TSMC Sales Surge. It Might Be an Even Bigger AI Chip Winner than Nvidia.
Jul 10, 2025 08:41:00 -0400 by Adam Clark | #ChipsTaiwan Semiconductor dominates the high-end chip manufacturing sector. (An Rong Xu/Bloomberg)
Nvidia is the artificial-intelligence chip superstar but Taiwan Semiconductor Manufacturing deserves a mention too. The Taiwanese chip manufacturer’s sales are booming as it rides a wave of demand for AI processors.
Taiwan Semiconductor, known as TSMC, recorded second-quarter sales of 933.8 billion New Taiwan dollars, or $31.93 billion, based on its latest monthly report on Thursday. That was ahead of market expectations of NT$924.05 billion, according to a FactSet poll of estimates.
Sales were up 39% from the same period last year, a slight slowdown from 42% growth in its first quarter. TSMC didn’t give any detail on the makeup of sales—that will have to wait until its earnings report on July 17—but the driver was likely AI chips.

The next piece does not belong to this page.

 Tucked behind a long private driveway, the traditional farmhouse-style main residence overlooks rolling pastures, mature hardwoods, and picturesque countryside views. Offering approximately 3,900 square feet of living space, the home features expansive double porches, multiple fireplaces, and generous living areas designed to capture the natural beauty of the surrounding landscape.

American depositary receipts of TSMC were down 1.6% in morning trading. There could be some profit taking in the stock after a 53% gain in the past three months. That is just ahead of the 51% gain recorded by Nvidia, which is a major customer of TSMC, over the same period.

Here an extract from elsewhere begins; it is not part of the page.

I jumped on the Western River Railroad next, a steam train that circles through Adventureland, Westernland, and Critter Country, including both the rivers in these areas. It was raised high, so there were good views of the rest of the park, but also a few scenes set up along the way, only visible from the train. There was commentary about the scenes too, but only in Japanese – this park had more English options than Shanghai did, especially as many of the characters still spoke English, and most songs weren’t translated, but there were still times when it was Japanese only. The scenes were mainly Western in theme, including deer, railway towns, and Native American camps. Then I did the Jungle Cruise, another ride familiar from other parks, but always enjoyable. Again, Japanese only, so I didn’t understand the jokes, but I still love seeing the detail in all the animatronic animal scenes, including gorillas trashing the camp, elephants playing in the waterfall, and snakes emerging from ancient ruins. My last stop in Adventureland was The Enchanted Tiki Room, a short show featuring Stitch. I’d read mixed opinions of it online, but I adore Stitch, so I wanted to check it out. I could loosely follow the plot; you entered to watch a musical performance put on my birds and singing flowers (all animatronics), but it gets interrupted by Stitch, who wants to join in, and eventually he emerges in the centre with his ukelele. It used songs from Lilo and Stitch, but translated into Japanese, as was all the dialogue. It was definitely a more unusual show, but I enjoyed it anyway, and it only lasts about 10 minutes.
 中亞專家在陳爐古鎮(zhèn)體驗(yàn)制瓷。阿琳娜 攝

TSMC’s growth doesn’t quite match Nvidia’s 69% revenue surge in its latest quarter. However, while Nvidia has to work hard to maintain its lead over a raft of competitors, TSMC dominates high-end chip manufacturing and there is little to suggest it will face much competitive threat in the next few years. Intel continues to struggle to persuade AI semiconductor companies to use its facilities.
TSMC has previously said it expects revenue from AI-related chips to double in 2025 and grow at a mid-40% annual growth rate for the next five years.
TSMC also makes the core processors inside Apple iPhones, Qualcomm mobile chipsets, and processors made by Advanced Micro Devices. While that leaves it exposed to cyclical changes in demand for smartphones and other devices, relative to Nvidia, it also gives it a more diversified revenue base.
“While AI continues to dominate the narrative, a reemerging mainstream alongside secular AI growth could spark a semiconductor super-cycle of a different kind,” wrote analysts at semiconductor research firm Chips & Wafers in a recent research note.
The only fly in the ointment could be President Donald Trump’s tariff policy. While chips have been exempt from tariffs until now, Trump said Tuesday that he would soon announce levies on imported semiconductors, though he didn’t specify a level or date.
It isn’t clear if TSMC would receive a waiver on such levies despite pledging a total of $165 billion in U.S. investment. The company might benefit from a tariff rule that says if at least 20% of an imported item’s value is “produced or transformed in the U.S.,” the tariffs will be levied on the non-U. S. content.